Interest in constructing green buildings or retrofitting existing buildings with eco-friendly features has grown as along with concerns about climate change. Though much of the push toward sustainable structures is motivated by a desire to protect the environment, there are also other factors that may make running green facilities appealing for the commercial, educational and residential sectors.
Overview of sustainable building benefits
Recognizing the potential of green buildings, fiscal and otherwise, has drawn many enterprises and institutions into the eco-friendly fold. Government programs, such as the U.S. Green Building Council's Leadership in Energy and Environmental Design project, provide extra incentives for making facilities more sustainable.
In addition to the monetary savings that may be provided by constructing energy efficient facilities and installing resource-saving features, the USGBC offers official certifications that provide companies and schools with public recognition for their efforts.
LEED certification may yield fiscal rewards not only indirectly by fueling a positive public image, but also by earning preferred rates from property insurers, according to an Environmental Leader blog post. Insurance companies have already begun to offer special premiums for residential and commercial customers that own structures that are LEED-certified.

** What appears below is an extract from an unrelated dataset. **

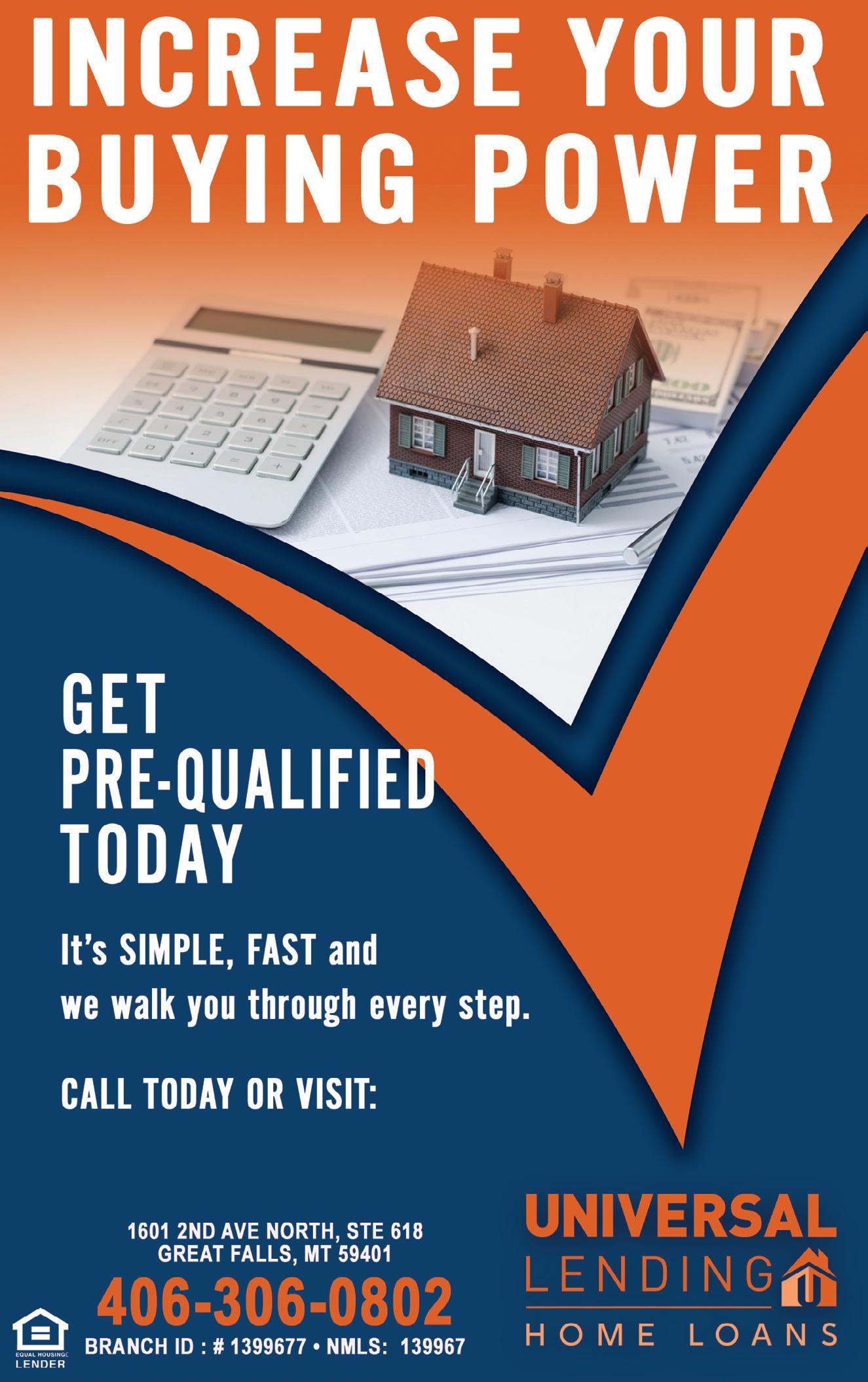 pg.8 www.CapitalRealEstateConnection.com WWW.MONTANALANDHOMES.COM & 30x40 shop. Nearly 8 irrigated acres of alfalfa. Winning features include large master suite, oversized bedrooms, walk out basement, NE facing deck, paved U driveway, mature landscaping, & New boiler in 2021. 5 minutes from Helena. Frequent deer & elk. $889,000 - MLS#22216323 6361 GREEN MEADOW DR - HELENA, MT On these 160 +/- acres there sits a seasonal cabin. Private, Mountains, Wildlife. You’ve got to see this place. $1,250,000 - MLS#22213687 216 CRAMER SPRINGS TRAIL - CLINTON, MT NEWLY COMPLETED HOME Located in the Wheat Ridge Estates. This home has 4 beds, 2 baths, & a 3 car garage located on 2 acres. Master en-suite bath has a tiled double shower. Fireplace in the great room. This open concept house is complete & ready for you to add your touch! Beautiful Views of the Elkhorns & Big Belt Mountains. Close to walking trails & hunting. You don’t want to pass this home up! $619,900 - MLS#22300524 2124 DRYLAND LOOP - E HELENA, MT $320,000-$400,000 HELMVILLE TRACTS - HELMVILLE, MT $640,000-$3,995,000 BULL ELK TRACTS - DRUMMOND, MT Come check out this Beautiful lot that overlooks the Helena area. Sanitary restrictions have been lifted. This lot is ready for you to build your dream home. $225,000 - MLS#22216001 TBD BUFFALO HORN DRIVE - HELENA, MT NEWLY COMPLETED HOME located in Wheat Ridge Estates. 4 beds, 2 baths & 3 car garage located on 2 acres. Master en-suite bath has tiled double shower. Fireplace in great room. Open concept house ready for you to add your touch! Beautiful Views of the Elkhorns & Big Belt Mountains. Fifteen minutes from Canyon Ferry Lake. Close to trails & hunting. Don’t pass this home up! $579,900 - MLS#22300325 2285 SPRING WHEAT LP - E HELENA, MT NEWLISTING! NEWLISTING!

These monetary incentives are in part fuelled by the increased resiliency of green buildings. These structures are often built with sustainable materials that are more durable than conventional alternatives. For example, exceptionally fire-resistance and sturdy materials, such as steel and aluminum, are used in LEED-certified roofs for their energy-efficient, reflective properties.

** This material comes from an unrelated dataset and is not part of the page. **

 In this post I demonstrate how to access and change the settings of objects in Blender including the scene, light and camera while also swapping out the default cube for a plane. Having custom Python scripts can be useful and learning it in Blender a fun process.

Sustainable structures are also more resistant to storm damage thanks to their improved insulation, which is implemented to help maintain temperatures and reduce related power costs. This enhanced protection mitigates the negative effects that water and wind can have on a building during a storm.
The combination of these advantages makes green structures more durable overall, promising decreased insurance risks and costs in addition to improved structural integrity and energy savings.
The trend in green buildings
Research published in McGraw-Hill Construction's 2013 Dodge Construction Green Outlook report shows that the value of sustainable structures has increased in recent years and suggests that it will grow even more in the future, according to a news release.The study found that the green building sector was worth $10 billion in 2005, rising to $78 billion in 2011. Moreover, the authors estimate that the value of green building will reach between $204 billion and $248 billion by 2016.
"We're seeing tremendous growth in green building, providing a bright light in an otherwise uncertain economy," said Harvey M. Bernstein, vice president of Industry Insights and Alliances at McGraw-Hill Construction. "Not only does this mean a strong outlook for green building, but also the benefits that go along with that: more jobs, greater financial benefits from green and high performance buildings, stronger competitive positioning for those firms that build green, and healthier work and learning environments for our population."
The authors of the study wrote that 47 percent of senior executive officers anticipate greening two-thirds of the structures in their portfolios by 2015, while 30 percent reported that they already have. Additionally, the research showed that 81 percent of corporate executive leaders think there is a public expectation for businesses to practice sustainability, prompting many enterprises to standardize green practices.
The growth in green buildings projected by McGraw-Hill is largely due to the financial rewards that these structures can afford enterprises. These advantages are themselves fuelled by the manifold benefits of sustainable facilities, from stronger structural durability to energy savings.
Moreover, building green structures may lead to improved public perception, increased investments and the interest of news organizations seeking to promote sustainability. In turn, companies that have green buildings may become trend-setters for their industry.